Under the new rules, any earnings sacrificed above £2,000 will no longer reduce NI or student loan repayments

Graduates paying off their student loans will pay an extra 17 per cent on pension contributions above £2,000 from 2029 as a result of changes to salary sacrifice schemes.

These schemes allow you to receive a lower salary in exchange for your employer putting the difference directly into your pension, saving you national insurance (NI) contributions.

In last year’s autumn Budget, Chancellor Rachel Reeves announced that salary sacrifice will be capped at £2,000 per year from 2029. The changes will raise around £7.3bn in tax revenues, according to the Office for Budget Responsibility (OBR).

New FeatureIn ShortQuick Stories. Same trusted journalism.

The move will primarily impact middle to high-earners who use salary sacrifice to reduce their tax bill. But it has an even bigger impact on graduates repaying student loans who pay more than £2,000 into their pensions via these schemes.

That is because when you use salary sacrifice to reduce your pension as a graduate, you save on both NI and student loan repayments, as student loan deductions are made after your gross income is reduced.

Basic-rate taxpayers currently pay 8 per cent NI, while student loan repayments on Plan 2 loans – those taken out after 2012 – are charged at 9 per cent of earnings above £28,470.

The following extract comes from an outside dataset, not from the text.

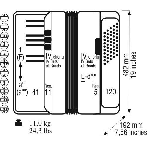 Weltmeister Cassotta 414 je izuzetna klavirna harmonika sa 41 dirkom i 120 baseva. Leva i desna ruka su četvoroglasne.
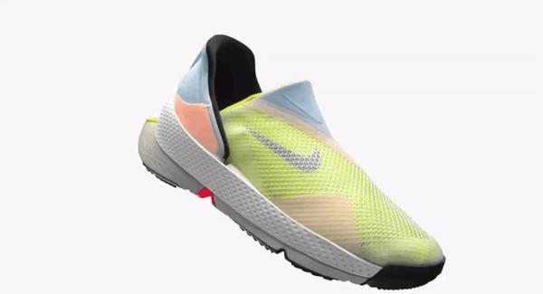 Nike发布的GO FlyEase运动鞋,可以让人轻松把脚滑进鞋子,脚顺势往下踩,缠绕在鞋子顶部的绑带会自动固定到位:

Combined, graduates who use salary sacrifice retain 17 per cent more of every pound contributed to their pension.

Under the new cap, any salary sacrificed above £2,000 will no longer reduce NI or student loan repayments, meaning graduates will pay an extra 17 per cent tax in total on any salary sacrificed over £2,000 per year.

If someone with a Plan 2 student loan sacrificed £5,000 through salary sacrifice, the £3,000 above the cap would lose both 8 per cent NI savings and the 9 per cent student loan reduction, costing them an extra £510 in tax.

Steve Webb, partner at pension consultants LCP, explained: “For some groups of workers, the advantages of salary sacrifice go beyond the NI savings.

“Graduates who face student loan repayments at 9 per cent above a threshold also benefit when their gross pay is reduced because of salary sacrifice arrangements.

“Even if they may face NI on pension savings over £2,000 post April 2029, graduates may want to persuade their employers to maintain the arrangement; otherwise, they could face an even larger loss than non-graduates from the new policy”.

A Treasury spokesperson said: “Salary sacrifice costs were set to treble to £8bn as high earners piled in huge bonuses without paying a penny in tax – a taxpayer‑funded perk largely benefitting the better off.

“Our fair reforms protect 95 per cent of workers earning under £30,000 who use salary sacrifice, including those making student loan repayments, and simply bring salary sacrifice above £2,000 into line with other pension contributions – with only those making the very largest pension contributions affected.”

Employers could cut contributions over salary sacrifice cap

Graduates and other savers could also see reduced pension contributions from their employers once the salary sacrifice cap kicks in, business have warned.

That is because employers also save on NI through salary sacrifice schemes, so if this is capped, it could cost them more to pay extra into your pension.

Damon Hopkins, head of DC workplace savings at consultancy Broadstone, said: “The question is whether employers will reduce the generosity of existing schemes to offset the cost of reduced savings employers receive via pension salary sacrifice.”

The British Chambers of Commerce, an industry group that represents 50,000 companies, also told The i Paper last year that the cap will also lead to lower pay rises and hurt economic growth.

How to find out if you use salary sacrifice

If you are not sure whether you use a salary sacrifice scheme to pay into your pension, there are several ways to find out.

First, look at your payslips – if your pension contributions only appear under “employment contributions” and there are no “employee contributions”, that is a sign your employer contributes via a salary sacrifice scheme.

The minimum contributions are 8 per cent – 5 per cent from you and 3 per cent from your employer. So, if you are contributing via salary sacrifice, your payslip may just say your employer paid 8 per cent.

If you still are not sure, you can ask your employer’s HR department whether you are in a salary sacrifice pension arrangement. This information may also be in your employment contract.